Work instruction.
Please transcribe, word for word, only the lines from the one containing "Trendy Chelsea boot" through the last line of the records below, both included, and leave out every picture.

--- Extracted information Enclosed Below ---

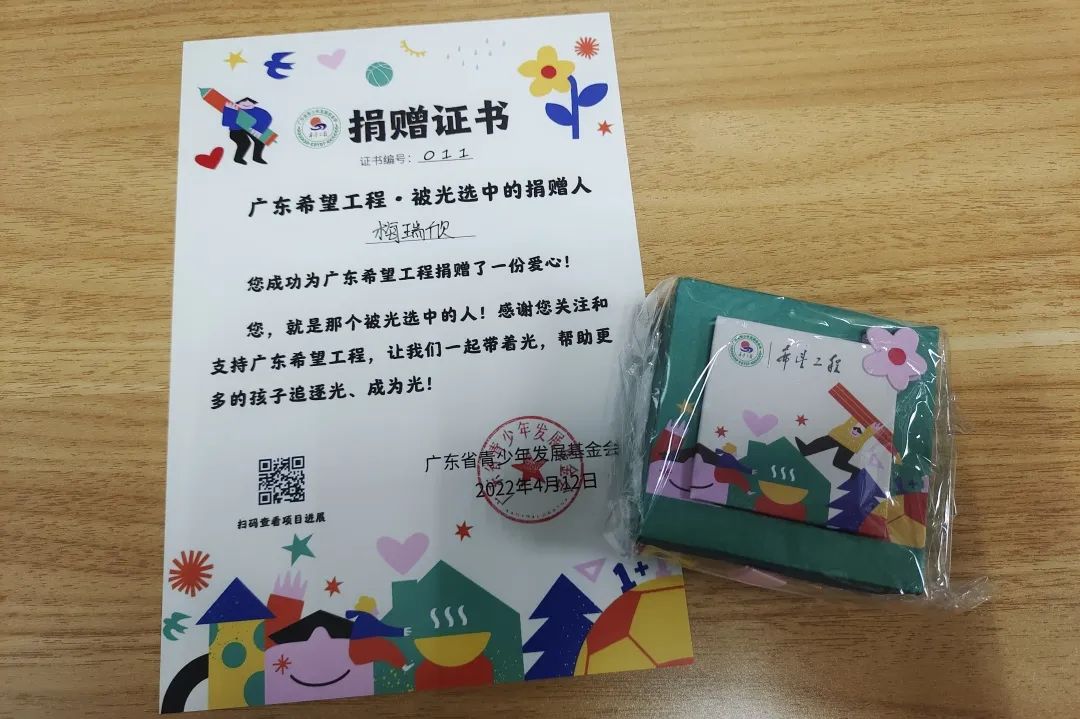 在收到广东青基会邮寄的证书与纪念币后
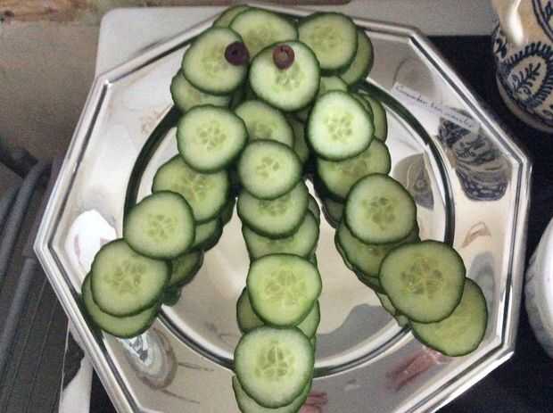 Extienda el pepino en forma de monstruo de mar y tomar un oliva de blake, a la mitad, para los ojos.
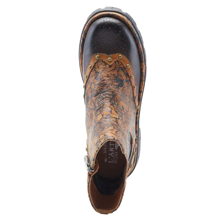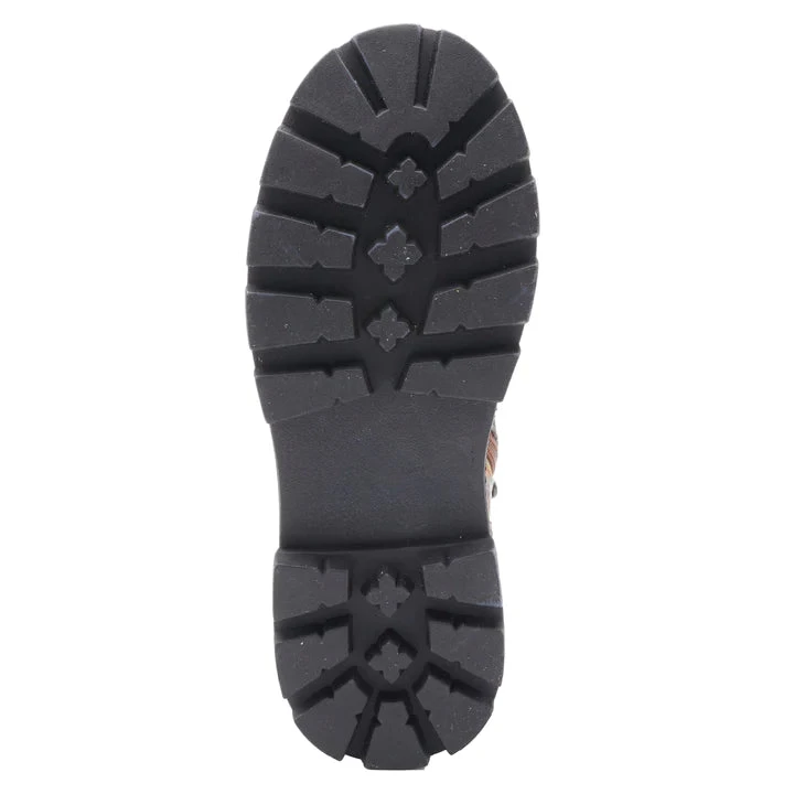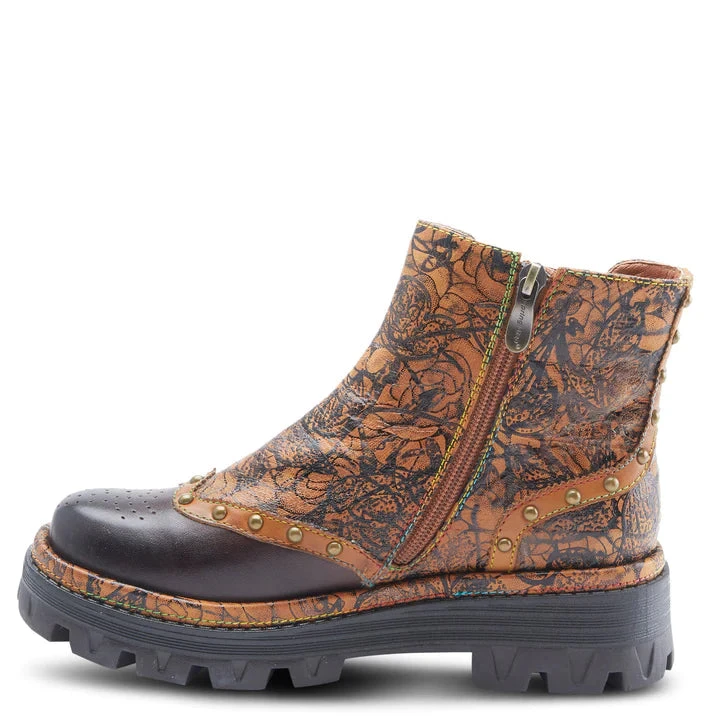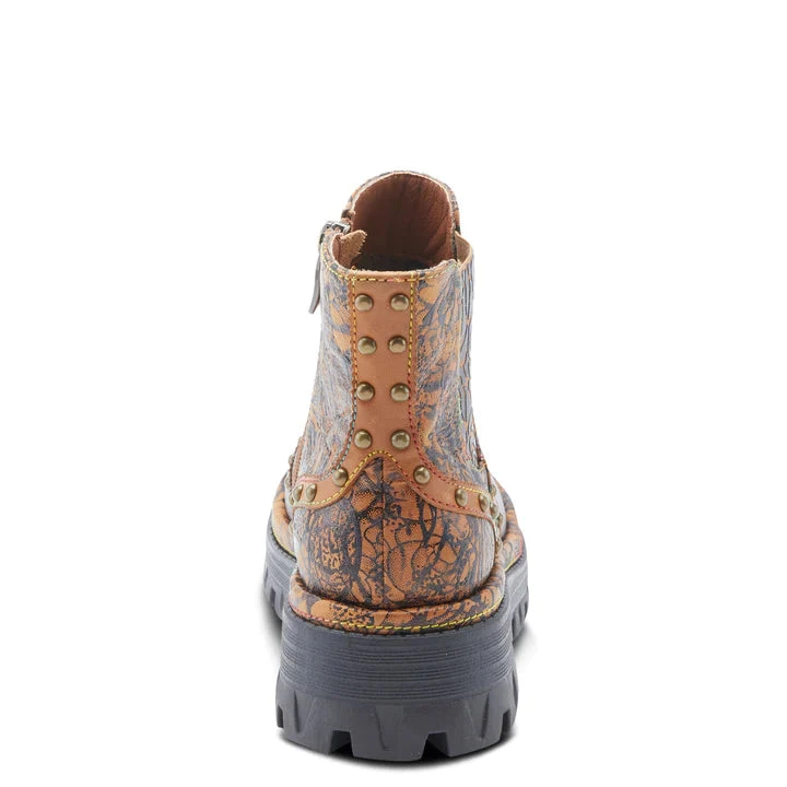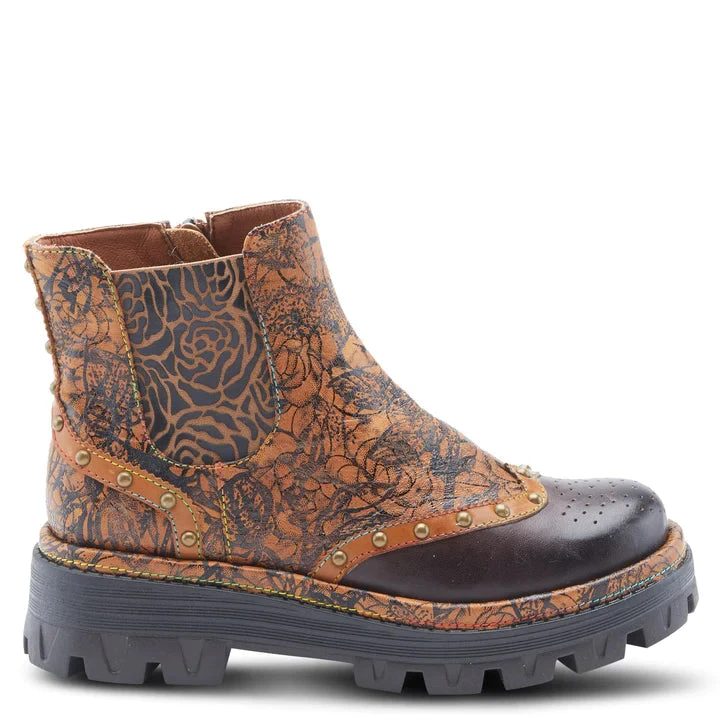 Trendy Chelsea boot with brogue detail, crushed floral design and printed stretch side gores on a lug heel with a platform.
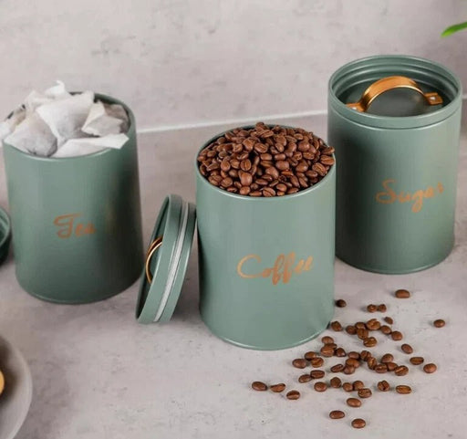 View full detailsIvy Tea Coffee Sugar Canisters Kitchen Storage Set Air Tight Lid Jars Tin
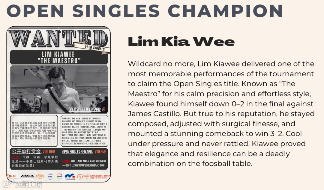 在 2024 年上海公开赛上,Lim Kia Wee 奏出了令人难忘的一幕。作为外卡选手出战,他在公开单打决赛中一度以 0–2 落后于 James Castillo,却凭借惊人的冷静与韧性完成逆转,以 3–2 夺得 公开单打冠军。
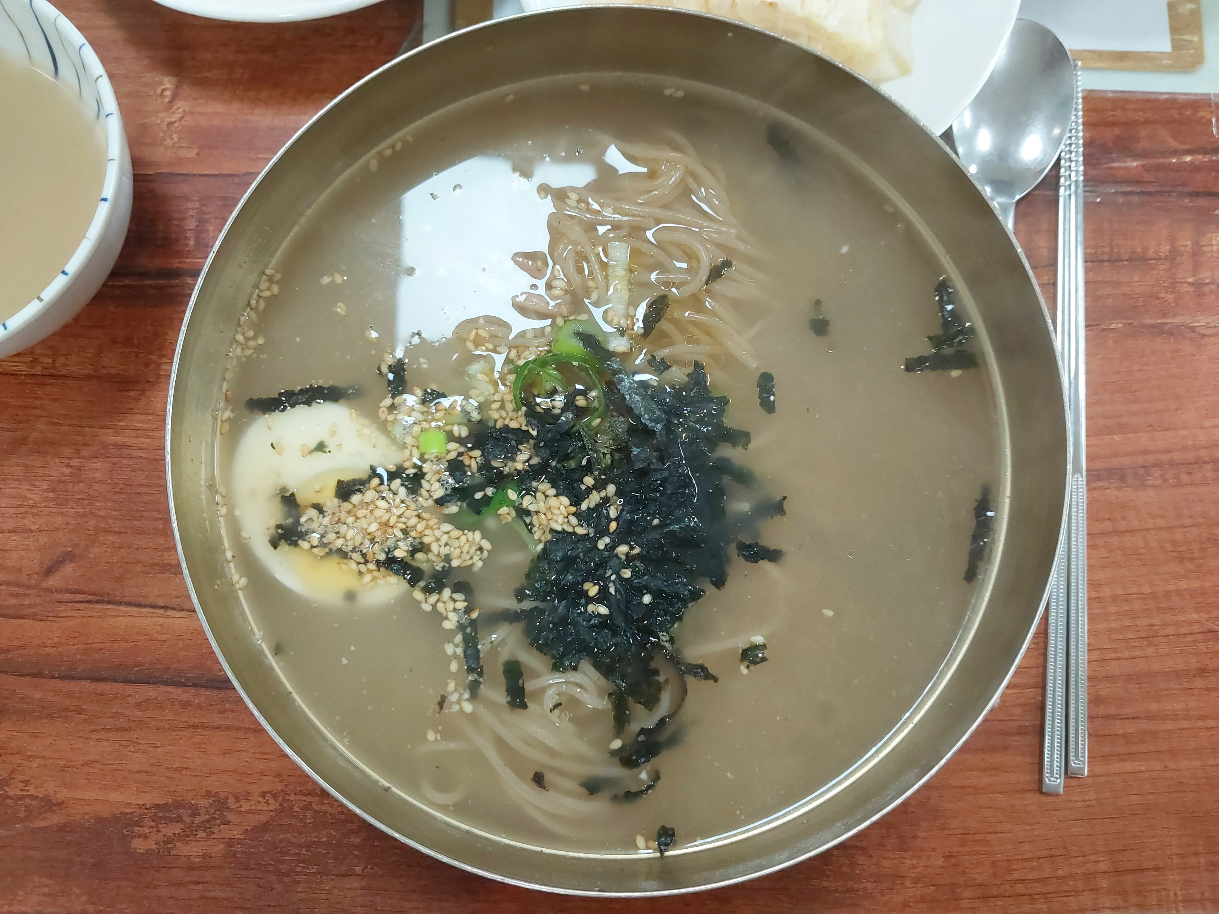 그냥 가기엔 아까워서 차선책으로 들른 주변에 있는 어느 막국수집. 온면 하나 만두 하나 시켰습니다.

--- End of Enclosed Extracted information ---

Result of the exercise.
 Trendy Chelsea boot with brogue detail, crushed floral design and printed stretch side gores on a lug heel with a platform.
 View full detailsIvy Tea Coffee Sugar Canisters Kitchen Storage Set Air Tight Lid Jars Tin
 在 2024 年上海公开赛上,Lim Kia Wee 奏出了令人难忘的一幕。作为外卡选手出战,他在公开单打决赛中一度以 0–2 落后于 James Castillo,却凭借惊人的冷静与韧性完成逆转,以 3–2 夺得 公开单打冠军。
 그냥 가기엔 아까워서 차선책으로 들른 주변에 있는 어느 막국수집. 온면 하나 만두 하나 시켰습니다.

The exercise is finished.